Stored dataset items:

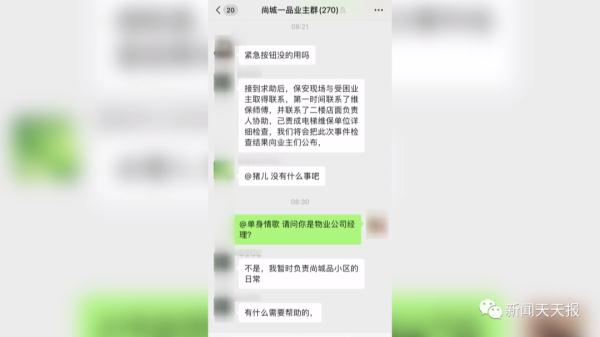 事情发生后,祝女士在小区业主群反映了自己的遭遇,业主群中一位自称暂时负责社区物业的人表示,他们已通知了维保单位做维修。
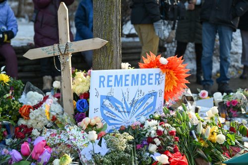 A makeshift memorial at the site where Renee Nicole Good was shot and killed by an ICE officer in Minneapolis, Minnesota, as seen on Jan. 9, 2026. (Craig Lassig/UPIAlamy Live News)
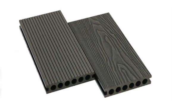 Hỗn hợp nguyên liệu trên được hòa trộn trong hệ thống máy trộn, gia nhiệt ép đùn qua hệ thống khuôn mẫu tạo ra tấm ván dài và cứng, rỗng, với thiết kế một mặt giả vân gỗ, một mặt kẻ to dài.
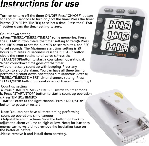 [3-канален брояч]: Цифровият 3-посочен таймер може да се стартира индивидуално или едновременно. Таймерът варира от най-малко 1 секунда до максимум 99 часа, 59 минути и 59 секунди, за да наблюдава до 3 събития едновременно.
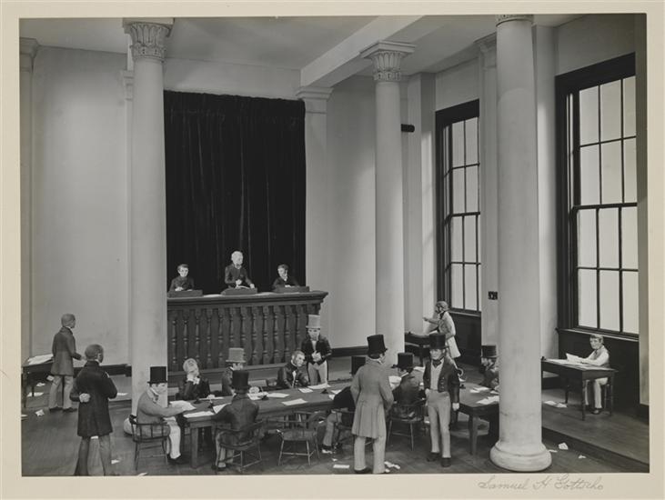 [Federal Hall, 1789, northeast corner of Wall and Nassau Streets. Photograph of the "Inauguration of Washington, 1789." Miniature group installed in the Altman Foundation Gallery at the Museum of the
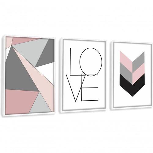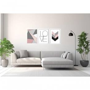 Quadro Decorativo Love Amor Abstratos Geométricos Com Moldura Branco
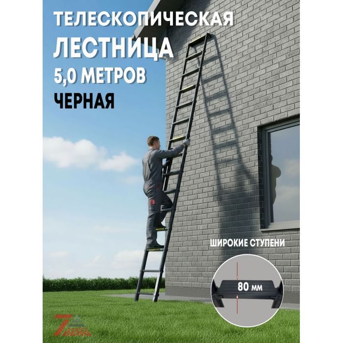 Лестница телескопическая SevenBerg AY-50 с широкими ступенями 5,0 м. чёрного цвета
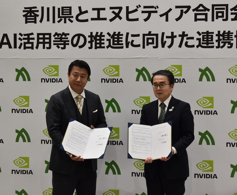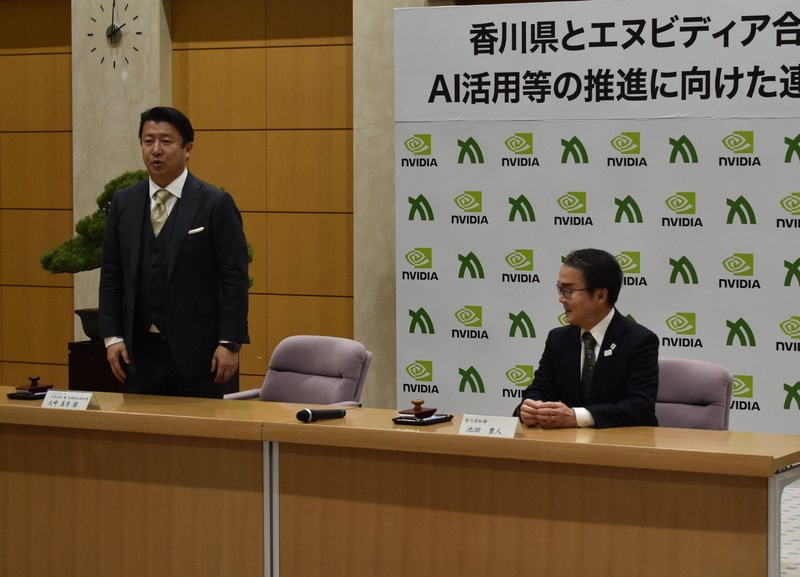 エヌビディアの大崎真孝・日本代表兼米国本社副社長と香川県の池田豊人知事は17日、AI活用推進に向けた自治体初の連携協定を結んだ。大崎代表は、県内の銀行や企業関係者らも出席した協定締結式であいさつし、「AIファクトリーで拓(ひら)く地域経済」と題した講演(約7分半)もした。それらの主な内容は次の通り。
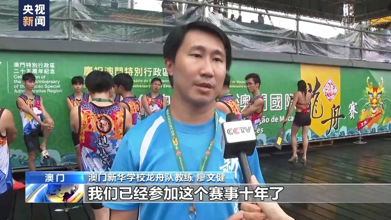 澳门新华学校龙舟队教练 廖文健:我们已经参加这个赛事十年了,学生们对参加龙舟比赛非常有热情。龙舟赛不单是速度和力量的比拼,也是团结的比拼。
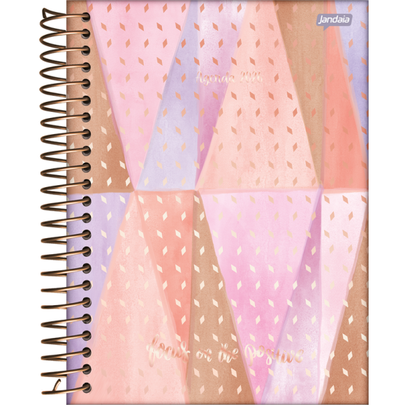 Detalhes: Capa dura / Capa com detalhe metalizado / Espiral colorido / Parte interna da capa decorada / Bolsa de papel decorada / Folha de adesivos / Planejamento mensal / Planejamento anual / Visão diária, exceto sábado e domingo / Folhas pautadas decoradas / Folhas em cor creme / Formato: 133mm x 178mm / Gramatura: 70g/m² / 352 Páginas.
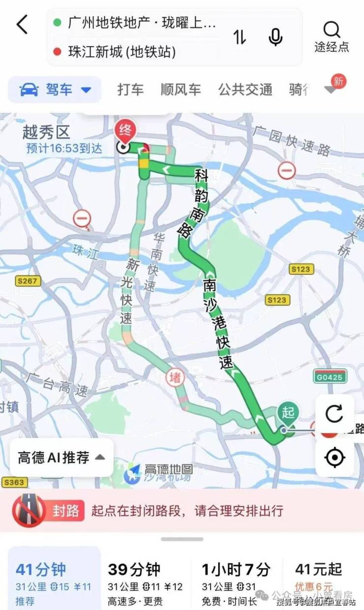 自驾的话也是非常方便,项目距离南沙快速港仅900米,附近还有亚运大道,接下来小何就给大家实测一下自驾或地铁通勤珠江新城、琶洲需要多久:
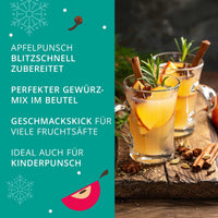 Mit dem Apfel Punsch Gewürzmix zauberst du im Handumdrehen einen köstlichen Apfelpunsch, der Groß und Klein begeistert. Diese alkoholfreie Alternative zu Glühwein ist ideal für die ganze Familie und sorgt für gemütliche Winterabende. Die Zubereitung ist so einfach: Erwärme 0,75l Apfelsaft (oder anderen Fruchtsaft) und gib einen Beutel unseres Apfelpunsch Gewürzmixes hinzu. Achte darauf, dass die Mischung nicht kocht, damit sich die Aromen voll entfalten können. Nach nur 5 Minuten ist das wärmende Wintergetränk fertig. Alle enthaltenen Bio-Zutaten stammen aus nachhaltigem Anbau. Die sorgfältig ausgewählten Früchte und Gewürze sind in kompostierbaren Pyramidenbeuteln optimal vorportioniert. Sonnengereifte Orangen, aromatischer Hibiskus und fruchtige Äpfel sorgen für einen intensiven, natürlichen Geschmack. Verfeinert mit Zimt, Nelken, Kardamom und Fenchel entfaltet der Punsch eine perfekte winterlich-weihnachtliche Note. Ein Beutel reicht für etwa 0,75l Fruchtsaft. Der Gewürzmix lässt sich auch hervorragend mit anderen Fruchtsäften kombinieren - verleihe deinen Lieblingssäften einen festlichen Touch! Ideal auch für die Zubereitung von Kinderpunsch. Auch als Wichtelgeschenk in der Vorweihnachtszeit eine tolle Überraschung.

* **REQUIRED ACTION**
Look above for the line with "澳门新华学校龙舟队教练 廖文", then give again exactly every line from there through the line with "自驾的话也是非常方便,项目距", skipping the pictures.

* **TASK SOLUTION**
 澳门新华学校龙舟队教练 廖文健:我们已经参加这个赛事十年了,学生们对参加龙舟比赛非常有热情。龙舟赛不单是速度和力量的比拼,也是团结的比拼。
 Detalhes: Capa dura / Capa com detalhe metalizado / Espiral colorido / Parte interna da capa decorada / Bolsa de papel decorada / Folha de adesivos / Planejamento mensal / Planejamento anual / Visão diária, exceto sábado e domingo / Folhas pautadas decoradas / Folhas em cor creme / Formato: 133mm x 178mm / Gramatura: 70g/m² / 352 Páginas.
 自驾的话也是非常方便,项目距离南沙快速港仅900米,附近还有亚运大道,接下来小何就给大家实测一下自驾或地铁通勤珠江新城、琶洲需要多久:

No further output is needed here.